4.4 Algorithm Overview

Worker Thread Pseudocode:

worker_function(pool):
    loop forever:
        lock(mutex)

        # Wait for work or shutdown
        while queue_empty AND NOT shutdown:
            cond_wait(work_available, mutex)

        # Check for shutdown
        if shutdown AND queue_empty:
            unlock(mutex)
            return  # Exit thread

        # Dequeue a task
        task = queue[head]
        head = (head + 1) % capacity
        count--
        active_tasks++

        unlock(mutex)

        # Execute task (outside lock!)
        task.function(task.arg)

        # Mark task complete
        lock(mutex)
        active_tasks--
        cond_signal(work_done)  # Wake up anyone waiting on completion
        unlock(mutex)

Submit Pseudocode:

threadpool_submit(pool, function, arg):
    lock(mutex)

    # Check for shutdown or full queue
    if shutdown OR count == capacity:
        unlock(mutex)
        return ERROR

    # Enqueue the task
    queue[tail] = {function, arg}
    tail = (tail + 1) % capacity
    count++

    # Wake up a worker
    cond_signal(work_available)

    unlock(mutex)
    return SUCCESS

Graceful Shutdown Pseudocode:

threadpool_destroy(pool, graceful):
    lock(mutex)

    if graceful:
        shutdown = 1  # Workers will finish queue first
    else:
        shutdown = 2  # Workers will exit immediately

    # Wake up all waiting workers
    cond_broadcast(work_available)

    unlock(mutex)

    # Wait for all workers to exit
    for each thread:
        pthread_join(thread)

    # Free resources
    free(queue)
    free(threads)
    destroy(mutex)
    destroy(work_available)
    destroy(work_done)
    free(pool)

5. Implementation Guide

5.1 Development Environment Setup

# Install required tools
$ sudo apt-get install build-essential valgrind gdb

# Create project structure
$ mkdir threadpool && cd threadpool
$ touch threadpool.h threadpool.c threadpool_demo.c Makefile

# Makefile content
$ cat > Makefile << 'EOF'
CC = gcc
CFLAGS = -Wall -Wextra -Werror -g -O2 -pthread
LDFLAGS = -pthread

all: threadpool_demo

threadpool_demo: threadpool_demo.c threadpool.c threadpool.h
	$(CC) $(CFLAGS) -o $@ threadpool_demo.c threadpool.c $(LDFLAGS)

clean:
	rm -f threadpool_demo *.o

test: threadpool_demo
	./threadpool_demo

valgrind: threadpool_demo
	valgrind --leak-check=full --show-leak-kinds=all ./threadpool_demo

helgrind: threadpool_demo
	valgrind --tool=helgrind ./threadpool_demo

.PHONY: all clean test valgrind helgrind
EOF

5.2 Project Structure

threadpool/
├── threadpool.h        # Public API header
├── threadpool.c        # Implementation
├── threadpool_demo.c   # Demo and tests
├── threadpool_bench.c  # Performance benchmarks (optional)
├── Makefile
└── README.md

5.3 The Core Question You’re Answering

“How do you efficiently reuse threads to handle arbitrary work items while providing a clean API for clients?”

Thread creation is expensive (1-10ms).
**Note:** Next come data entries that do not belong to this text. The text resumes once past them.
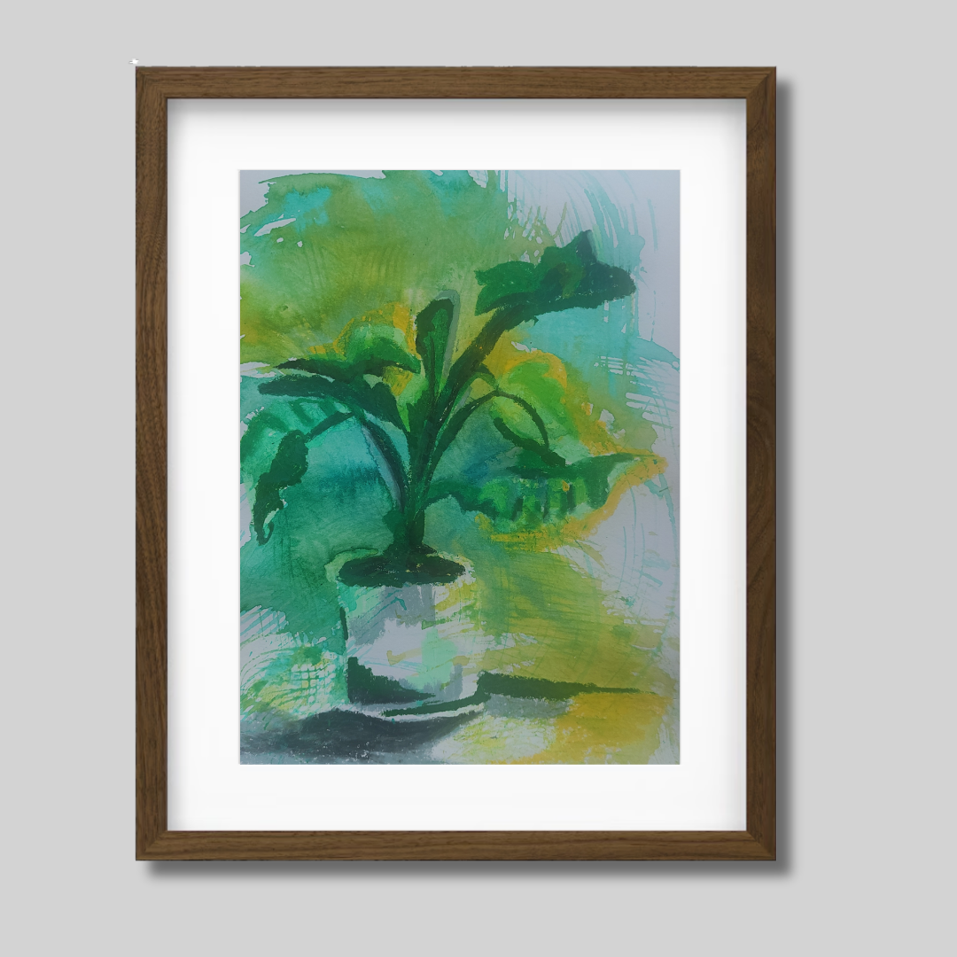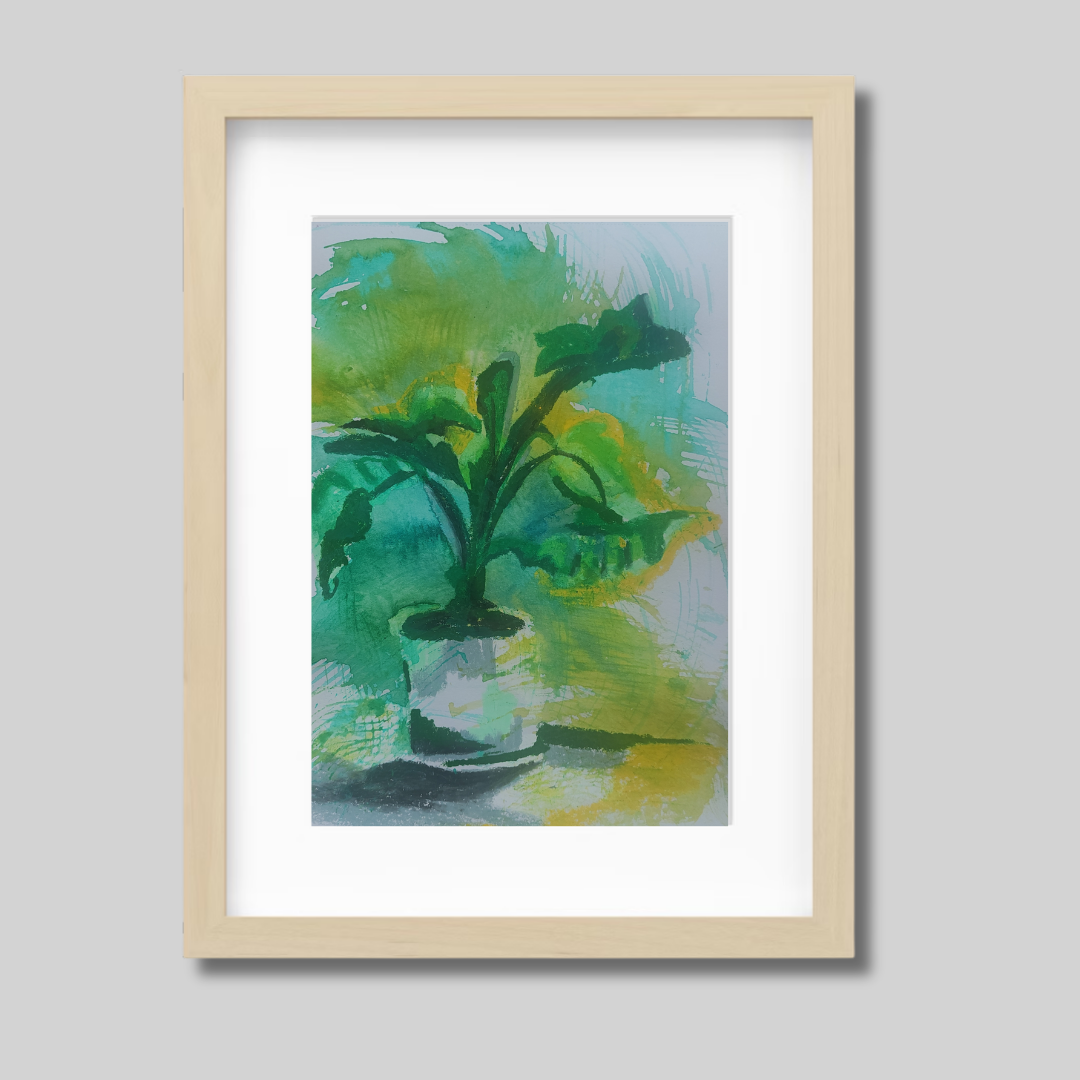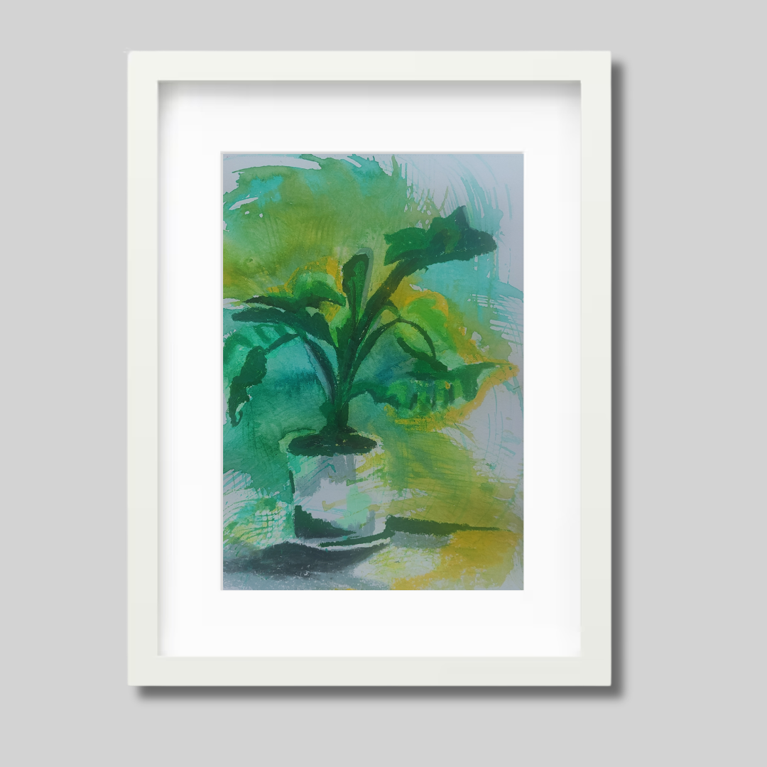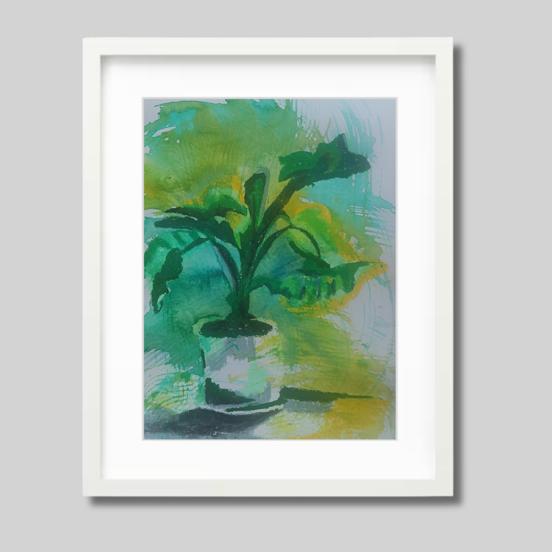 A vivid expression of nature's quiet persistence—Green Grow 2 continues Ayda Pakzad Afshar’s exploration of botanical rhythms. Created with ink and wax pastel on cardboard, this piece captures the spontaneous energy of growth through layered mark-making and bold movement.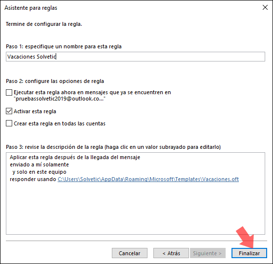 Una vez procesado esto, damos clic en Siguiente y podremos dar un nombre a la regla así como activarla, aplicarla para todos los mensajes ya existentes o hacerla un estándar para todas las cuentas de Outlook 2019: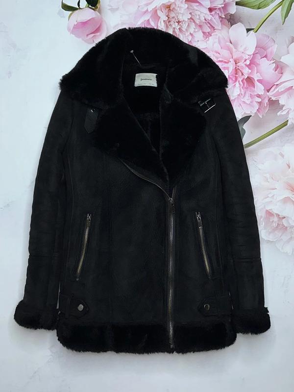 Замшевая Дублёнка Спереди есть карманы Мягкий ворот поднимается и фиксируется замком Дублёнка качественная и плотная, в ней будет тепло уютно в лютую погоду. Удлиненная модель Состояние идеал 🏷️Stradivarius 🔹Размер S Длина 72. ПОГ 49. Рукав 64. Плечо 11. Плечи 41 🔹Размер L Длина 70. ПОГ 56. Рукав 63. Плечо 11. Плечи 42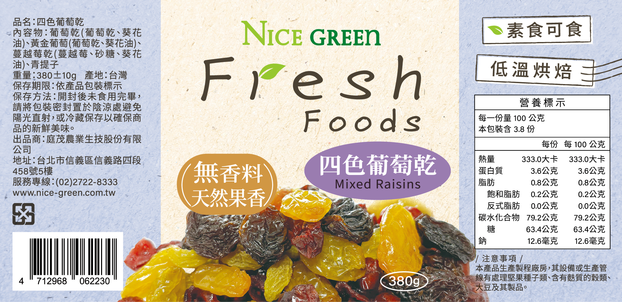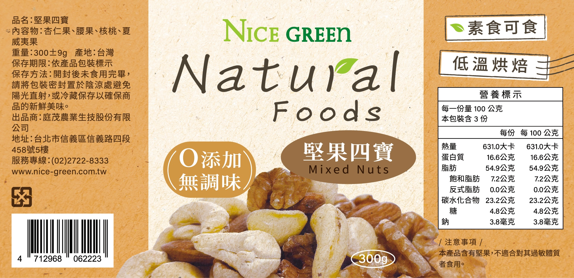 ※ 美蔬菜、堅果四寶、四色葡萄乾為冷藏配送,其餘商品為冷凍配送。

A thread pool amortizes this cost over many tasks. This pattern underlies nginx, Apache, database connection pools, and virtually every server.

Think about:

How to wake up exactly one waiting worker when work arrives
How to ensure no task is lost or executed twice
How to cleanly shut down when some workers are blocked waiting
How to handle the case where tasks arrive faster than they can be processed

5.4 Concepts You Must Understand First

Before coding, ensure you can answer these questions:

1. Thread Attributes

What is pthread_attr_t and what can you configure with it?
What’s the difference between a detached and joinable thread?
When would you need to set a custom stack size?
Book Reference: “APUE” Ch. 12.3

2. Thread Cancellation

What does pthread_cancel() do?
What are cancellation points?
What are cleanup handlers and why are they needed?
Book Reference: “APUE” Ch. 12.7

3. Thread-Specific Data

What is pthread_key_create() used for?
When would a thread pool need thread-local storage?
Book Reference: “APUE” Ch. 12.6

4. Condition Variable Semantics

Why must you hold the mutex when calling pthread_cond_wait()?
Why use while (condition) instead of if (condition)?
What’s the difference between signal() and broadcast()?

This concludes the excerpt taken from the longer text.